_Work instruction_
Everything from the line with "ഗോപകുമാര് സഞ്ചരിക്കുകയായിരുന്ന ബൈക്കില്" through the final line of the listing below must be retyped exactly, apart from the pictures.

_Source information_
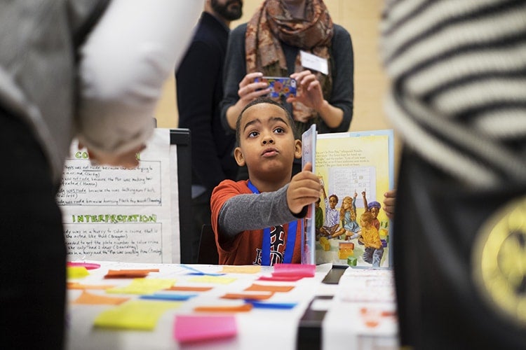Deandray Spencer presents a class project on the children's book “Amazing Grace” by Mary Hoffman (photo by Geoffrey Vendeville)
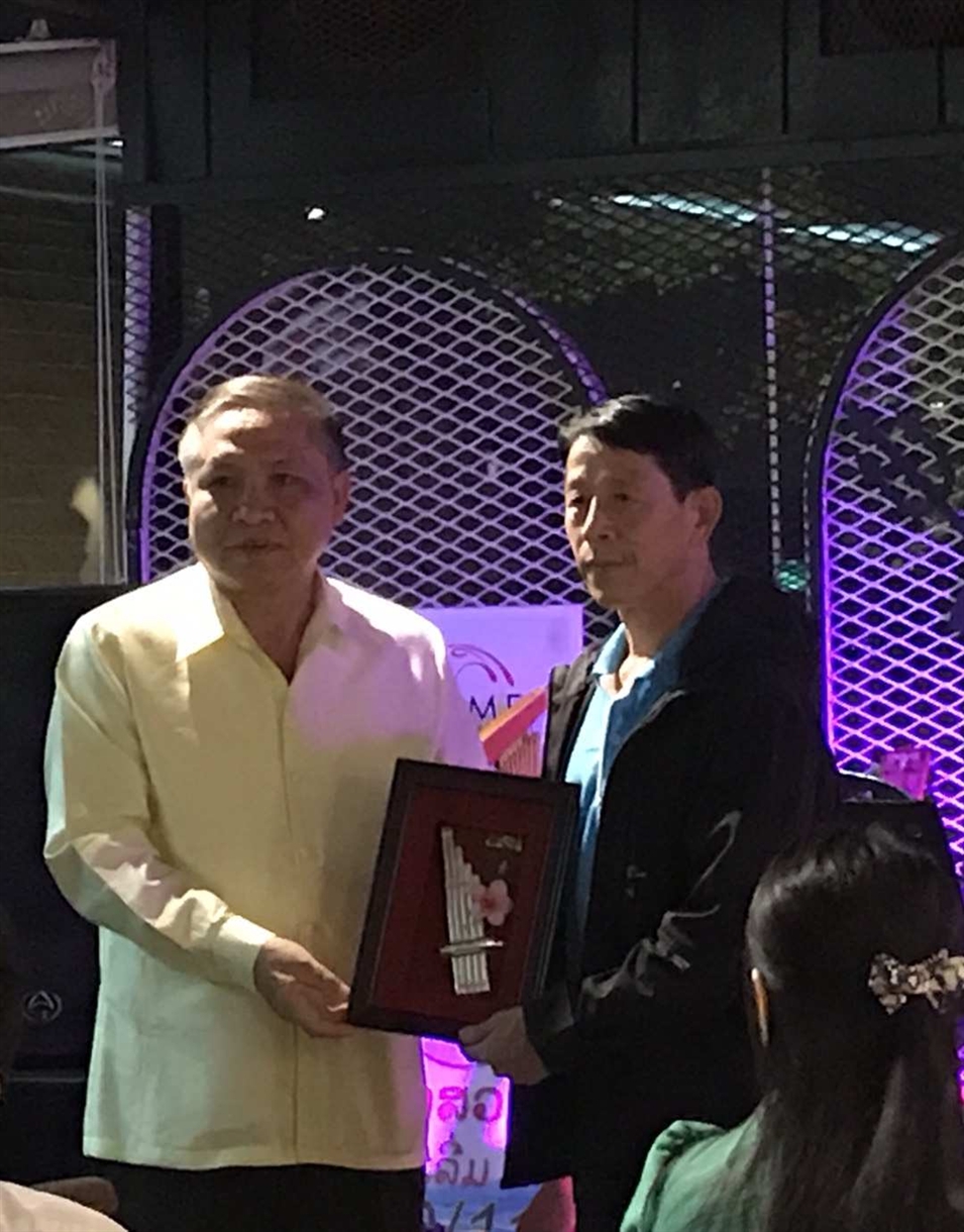 11號(hào)晚上老撾國(guó)立大學(xué)校長(zhǎng)宋西·諾潘賽為劉傳書老師、王慶陽(yáng)老師頒發(fā)紀(jì)念品,表示對(duì)兩位老師的感謝,感謝兩位老師對(duì)老撾國(guó)立大學(xué)的支持與幫助,并希望兩位老師以后能常來(lái)國(guó)立大學(xué)交流訪問(wèn)。
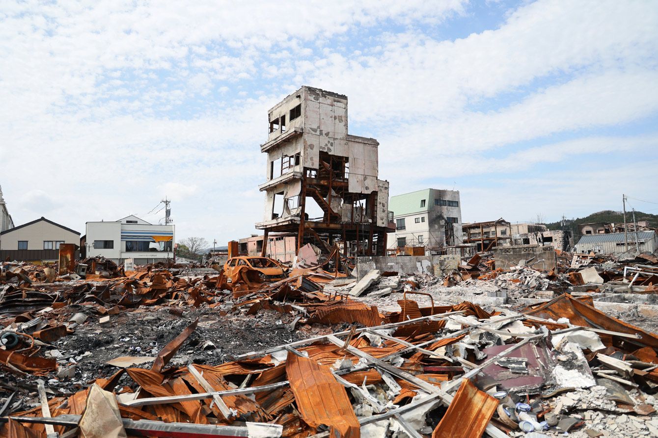 能登半島地震の発生から3カ月を迎えた、大規模な火災が発生した観光名所「朝市通り」周辺=2024年4月1日午前、石川県輪島市
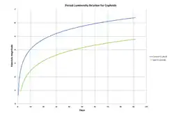 La luminosité d'une Céphéide classique est directement reliée à sa période de variation. Plus la période de pulsation est longue, plus lumineuse est l'étoile. La relation période-luminosité des Céphéides classiques fut découverte en 1908 par Henrietta Swan Leavitt dans une étude portant sur des milliers d'étoiles variables des Nuages de Magellan[20]. Elle la publia en 1912[21] avec des preuves supplémentaires. Une fois que la relation période-luminosité est calibrée, la luminosité d'une étoile donnée dont la période est connue peut être établie. Sa distance est ensuite obtenue à partir de sa luminosité apparente. La relation période-luminosité a été calibrée par de nombreux astronomes tout au long du XXe siècle, en commençant par Hertzsprung[22]. La calibration de la relation période-luminosité a été problématique ; cependant, une calibration galactique solide a été établie par Benedict et al. 2007 en utilisant les parallaxes précises de Hubble pour 10 Céphéides classiques proches[23]. De même, en 2008, des astronomes de l'ESO ont estimé avec une précision meilleure que 1 % la distance de la Céphéide RS Puppis, en utilisant les échos de lumière de la nébuleuse dans laquelle elle est plongée [24]. Cependant, ce résultat a été activement débattu dans la littérature[25].
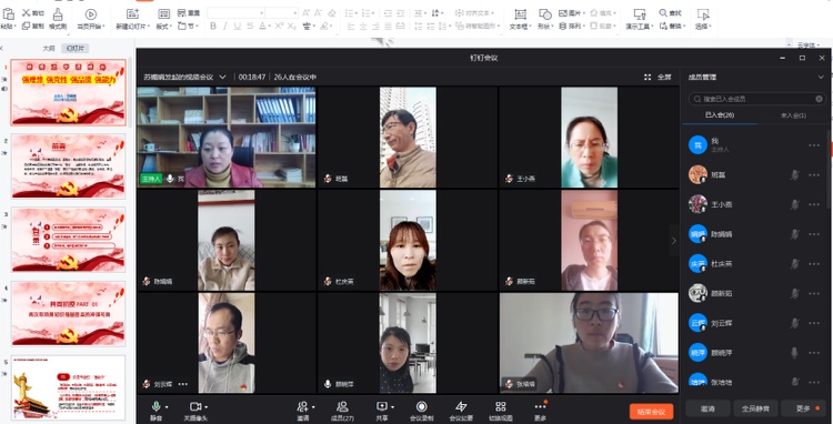 学校党委委员带领大家学习全国两会《政府工作报告》和全国两会精神。在疫情防控如此严峻的现阶段,我校许多党员同志积极参加志愿者活动,充分发挥了模范带头作用,让党旗在疫情防控一线高高飘扬。
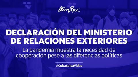 Cuba tiene el convencimiento de que el momento reclama cooperación y solidaridad. Sostiene que un esfuerzo internacional y políticamente desprejuiciado para desarrollar y compartir la investigación científica y para intercambiar las experiencias de diversos países en la labor preventiva, la protección de los más vulnerables y las prácticas de conducta social, ayudará a acortar la duración de la pandemia y a reducir el ritmo de las pérdidas de vidas. Cree firmemente que el papel y el liderazgo de las Naciones Unidas y de la Organización Mundial de la Salud son imprescindibles.
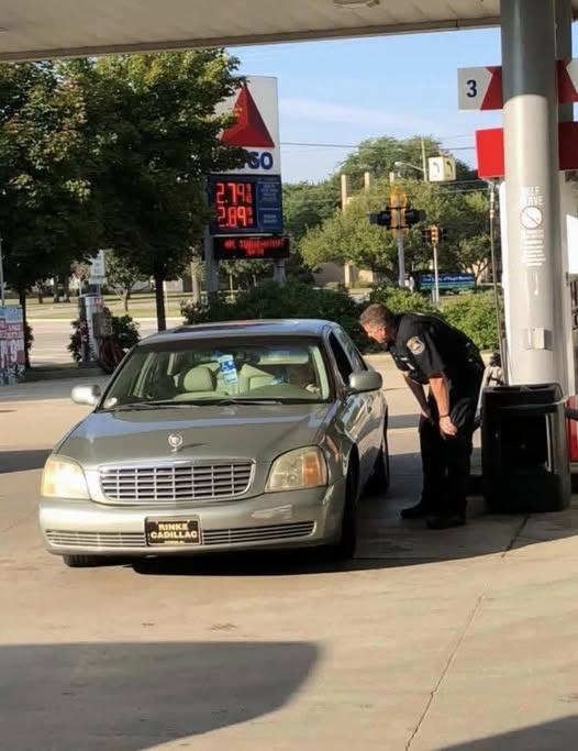 Without hesitation, the officer followed her to her vehicle and gently suggested she sit and rest while he pumped the gas for her. As they spoke, he learned that she had no money left beyond the three dollars and very little fuel remaining.
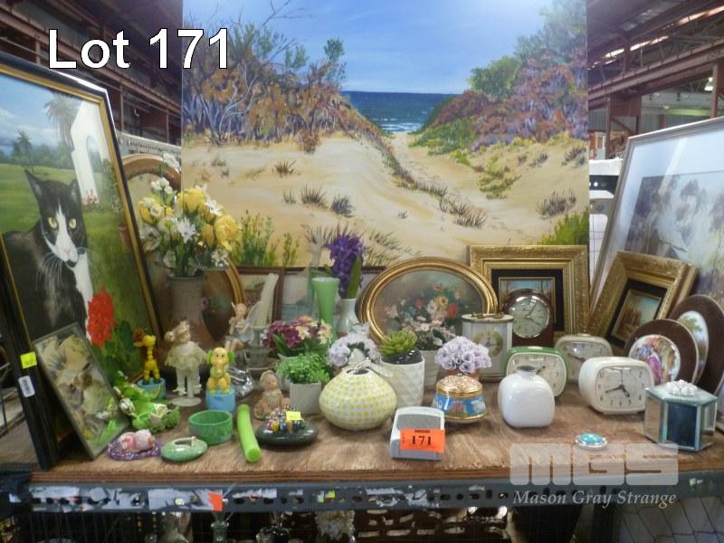 ASSORTED PRINTS & PAINTINGS, CLOCKS, VASES, ETC
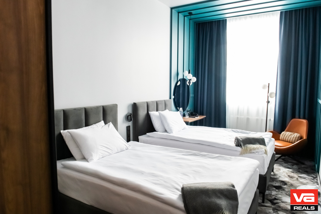 Užtikrindami aukščiausius statybos reikalavimų standartus, „VA REALS“ ekspertai bendradarbiaudami su statybų rangovais bei užsakovu, UAB „BAA Training“, atliko patalpų plėtros projektą, senose gamybinėse patalpose įrengiant viešbučio, restorano paskirties patalpas ir jas pritaikant Vilniaus miesto svečiams ir studijuojantiems aviacijos akademijoje studentams. Pastato bendras plotas  4015,70 m2, kuriame įrengti 105 viešbučio kambariai ir restoranas. Viešbučio statybos darbai užbaigti laiku 2017 metų  sausio menesį.
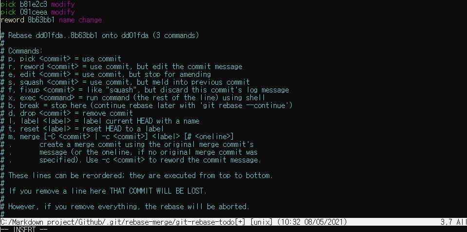 git rebase -i $[수정할 커밋의 직전 커밋] 수정할 직전의 커밋은 '커밋의 해시'를 이용하거나 'HEAD~3'처럼 HEAD를 기준으로 작성이 가능하다. 이 옵션을 사용하게 되면 여러가지 edit 기능이 있는 vim이 나오게 되어 다양한 edit 기능을 선택하여 사용할 수 있다.
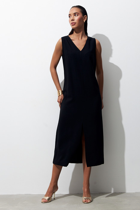 Платье из вискозной ткани с крэш-эффектом полуприлегающего силуэта. По центру передней части изделия выполнен шов, снизу разрез. V-образный вырез горловины и линия проймы оформлены косыми бейками.
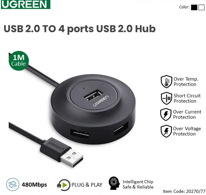 UGREEN USB 2.0 Hub 4 Ports 20277 Black – 480Mbps Transfer, Micro USB Power, LED Indicator, 1M Cable, Supports 10TB HDD, Plug & Play, Overload Protection
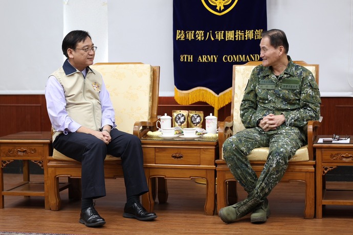 會談中,劉處長也特別感謝陸軍第八軍團於颱風侵襲期間,積極協助山區弱勢榮民及眷屬的疏散撤離作業,展現「軍民一家親」的精神。 指揮官劉中將則表示,透過與榮服處的長期合作,不僅能讓官兵在營期間安心服役,也能鼓勵優秀人才長期留營獲取最大權益,退役後更有完善的保障系統支撐。
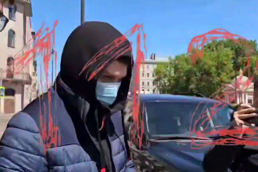 На опубликованных в сети кадрах видно, как мужчину выводят из здания в маске и усаживают в белый легковой автомобиль.
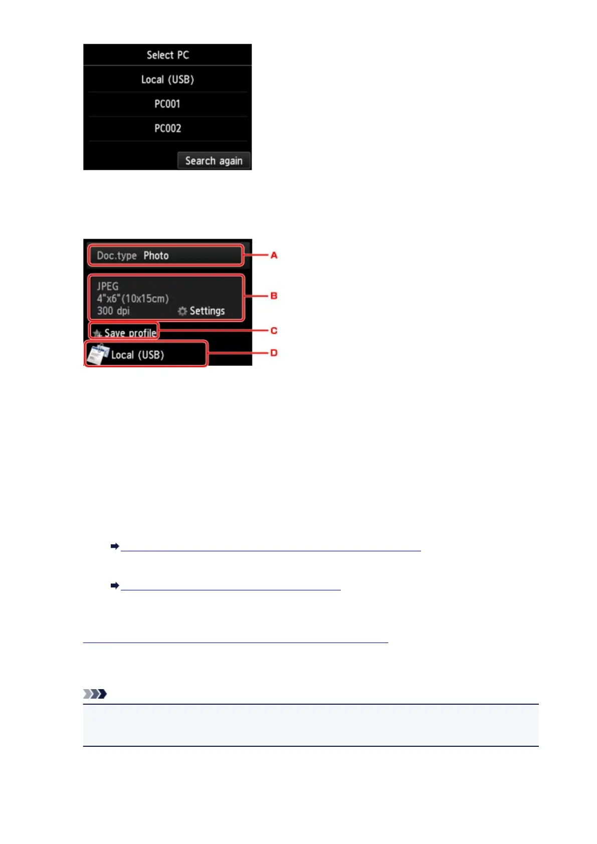 Scans the original on the platen glass as a photo data applying the settings specified in Scan
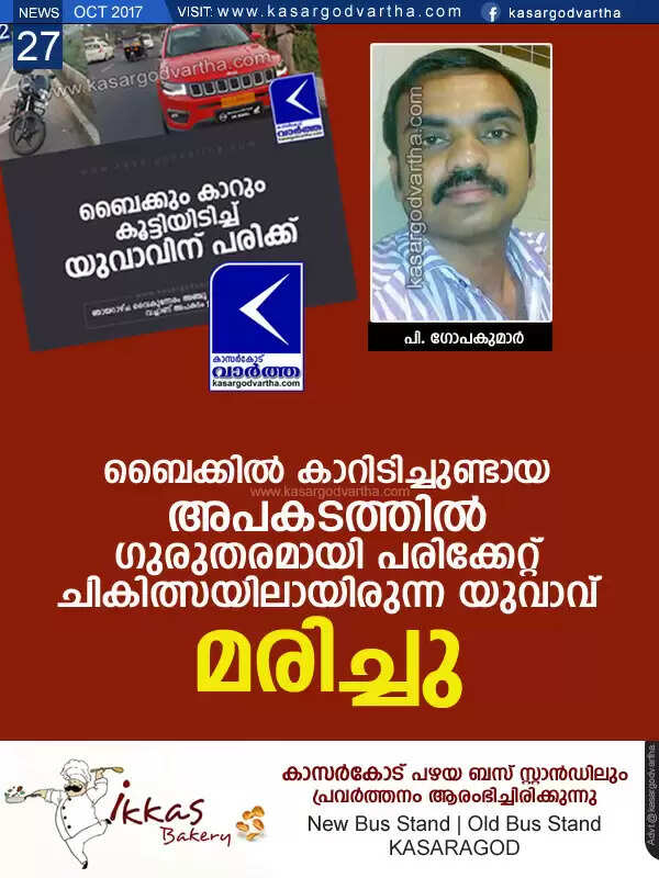 ഗോപകുമാര് സഞ്ചരിക്കുകയായിരുന്ന ബൈക്കില് കാറിടിക്കുകയായിരുന്നു. ഗുരുതരമായി പരിക്കേറ്റ ഗോപകുമാറിനെ മംഗളൂരുവിലെ ആശുപത്രിയില് പ്രവേശിപ്പിച്ചതായിരുന്നു. കാസര്കോട് കെ എസ് ആര് ടി സി ബസ് സ്റ്റാന്ഡില് സഹോദരി ഭര്ത്താവ് മധുവിന്റെ ഉടമസ്ഥതയിലുള്ള മധു ലോട്ടറി സ്റ്റാളിലെ ജീവനക്കാരനായിരുന്നു.
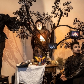 Dans la famille Moute, il y a le père, patriarche à l’ancienne, la mère, chanteuse de nature gaie, et le fils, sorte de sage sans âge. Un trio forcément explosif, d’autant que l’acacia qui s’est enraciné chez eux n’arrange guère la situation. Entre rejet et acceptation de cet autre, rien ne va plus ! Père et fils aux antipodes, la mère navigue en chanson entre les deux. Comment continuer à vivre ensemble demain ? Après ses adaptations de Carmen et Don Quichotte, Jeanne Desoubeaux imagine une fable musicale pour tous les âges, entre effets burlesques et costumes renaissance, acrobaties de situation et sujets d’actualité. Un dîner de famille comme un autre, enfin... presque !
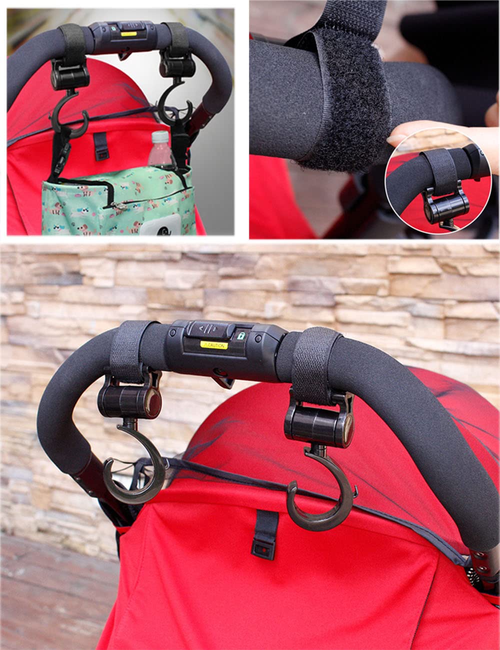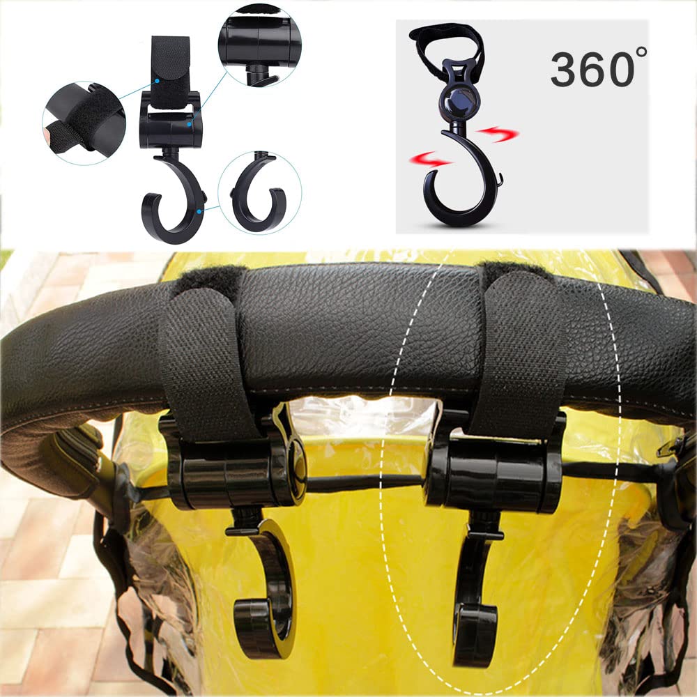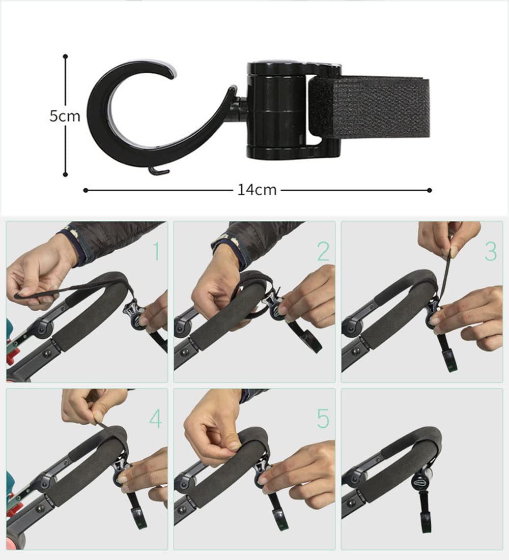 Natiform ベビーカー 荷物 フック 2個セット 便利グッズ ホルダー ペットカート フック アクセサリー 耐荷重20kg ベビーカー フック 360度回転 マジックテープ付き s字フック

_Worked solution_
 ഗോപകുമാര് സഞ്ചരിക്കുകയായിരുന്ന ബൈക്കില് കാറിടിക്കുകയായിരുന്നു. ഗുരുതരമായി പരിക്കേറ്റ ഗോപകുമാറിനെ മംഗളൂരുവിലെ ആശുപത്രിയില് പ്രവേശിപ്പിച്ചതായിരുന്നു. കാസര്കോട് കെ എസ് ആര് ടി സി ബസ് സ്റ്റാന്ഡില് സഹോദരി ഭര്ത്താവ് മധുവിന്റെ ഉടമസ്ഥതയിലുള്ള മധു ലോട്ടറി സ്റ്റാളിലെ ജീവനക്കാരനായിരുന്നു.
 Dans la famille Moute, il y a le père, patriarche à l’ancienne, la mère, chanteuse de nature gaie, et le fils, sorte de sage sans âge. Un trio forcément explosif, d’autant que l’acacia qui s’est enraciné chez eux n’arrange guère la situation. Entre rejet et acceptation de cet autre, rien ne va plus ! Père et fils aux antipodes, la mère navigue en chanson entre les deux. Comment continuer à vivre ensemble demain ? Après ses adaptations de Carmen et Don Quichotte, Jeanne Desoubeaux imagine une fable musicale pour tous les âges, entre effets burlesques et costumes renaissance, acrobaties de situation et sujets d’actualité. Un dîner de famille comme un autre, enfin... presque !
 Natiform ベビーカー 荷物 フック 2個セット 便利グッズ ホルダー ペットカート フック アクセサリー 耐荷重20kg ベビーカー フック 360度回転 マジックテープ付き s字フック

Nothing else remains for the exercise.